黒木陽子の「私はこんな海外ドラマを見てきた」
vol.25 身につまされるだけが人生か

『シリコンバレー』
シリコンバレーのあんまりいけてないプログラマーが、そうとは知らず金になるアルゴリズムを実装したアプリを作る。勤め先である巨大なIT企業にそのプログラムを大金で売って億万長者になるか、それともお金を出してくれるという投資会社から資金を得て起業するか?という選択から、物語がスタート。もちろんドラマなもんで新しい会社を立ち上げる方を選んだ主人公と仲間たちは、ライバル大企業やお金や妬みやら資本金や特許やお金や裁判やらの大波はげしいIT業界で頑張っていこうとするのだった。
(2014年〜アメリカHBO)

いま、私のイチオシです。

なんと言いますのか、もう、私も自分を見つめ過ぎるほど見つめすぎた年齢になって来たもんで「若いエネルギーで頑張っちゃったら、えらい会長とかに認められて、やっぱり伝わるのは誠意だよね!」というドラマは、ちょっともう辛いのです。
それよりも、お金や人間関係、お金・・・。「ああ。夢だけじゃ食べていけまへんがな」そんな身につまされるようなものの方がホッとするんです。しかし、身につまされるけど「夢がなければ光はない」というのがちょっと感じられるような。ちょっとご都合が良い身につまされるものがいいんです。(13回でご紹介した『グッド・ワイフ』も、そうでした。)

「あ〜お金ってヒリヒリするぅ〜」

しかもドラマなのが良い。
映画だと2時間の尺に金銭面の危機が多くて2発くらいしか来ませんし、勇気やガッツで乗り切って、あとはめでたしめでたし、となるわけですが。こっちは連続ドラマ。金銭面の危機が次々と訪れ、毎回「ああもうだめだ、会社が潰れる・・・」ってなるという。
さらに、金銭面だけでなくて、色々としょっぱい人間関係の危機とか作った製品の一般層と専門家との評価の乖離、とか。
本当に、身につまされるんですけれども。
でも、根底に友情だとか、夢だとか、ものづくり(って言わないんですかね、プログラムは)への愛情なんかが、1シーズンに1回か2回くらい、たま〜に危機を救ってくれるようになっていて、それが良いんですよ。

あと、主人公のパッション温度が低いのがいい。

海外ドラマを敬遠される方には、アメリカのドラマって「ハ〜イ!マイク!」「オッケー!今日もジェットコースターだぜ!」という肉食系ばかり出てくるドラマか、「パパ、ごめんなさい」「いいのさ、リサ、パパが間違ってたんだ。愛してる」「知ってるわ」「ハハハハハ」というファミリー命ドラマばっかり。ジャパニーズ文化圏で育ったもんで・・・ちょっとねー。という方が多いのかもしれない。(知らんけど)

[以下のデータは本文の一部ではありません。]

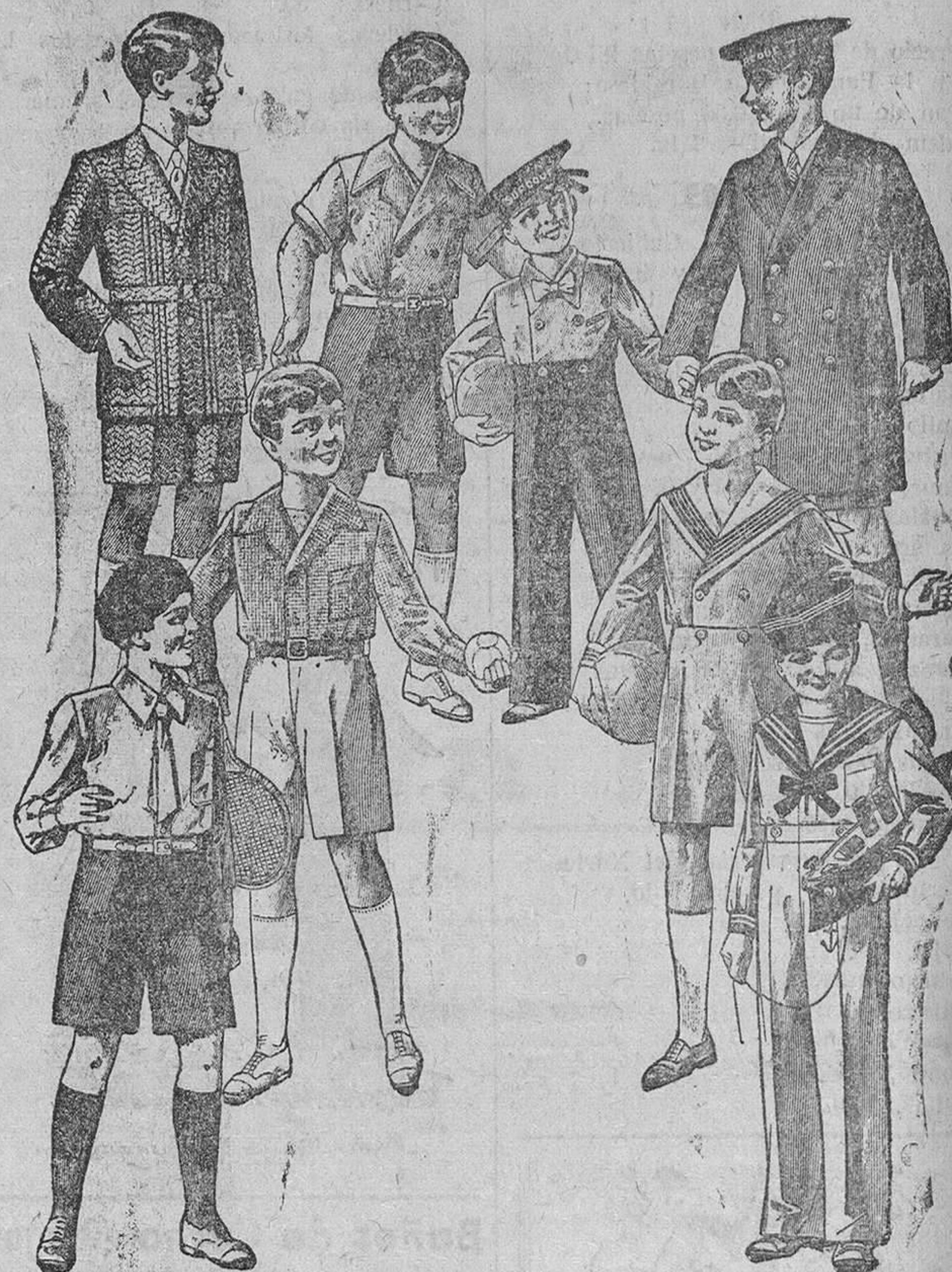
Trajecitos, modelos novedad de 15, 18, 20, 25 y 30 pesetas

Primera casa en confecciones para caballero, señora y niños Plaza Mayor, 42. Lain-Calvo, 9 y 11.--Sucursal: Plaza Mayor, 6, Burgos

今回の『シリコンバレー』は、そんな、「アメリカ文化なじまへんわ〜」と敬遠している人に是非見て欲しい。

Appleとか、Googleとか、キラキラしたCEOがろくろを回しながらキラキラした未来を話す・・・
「かっこいい。素敵や」て思うのと「ちょっと胡散臭い」って思っているのが半々。でもまあ、そんな風には所詮なれませんしね。ヘッヘヘッヘへへッへへ
そんな主人公が、胃を痛めながら起業していく姿は、ほんまに応援したくなるはずです!

(注)ドラマの中に「アルゴリズム」「ベンチャーキャピタル」「コーディング」いろいろIT業界用語がいっぱい出て来て知ったようになってこの文章でも使っていますが、本当のところはよくわかっていません。アルゴリズムとプログラムの違いってなんだ?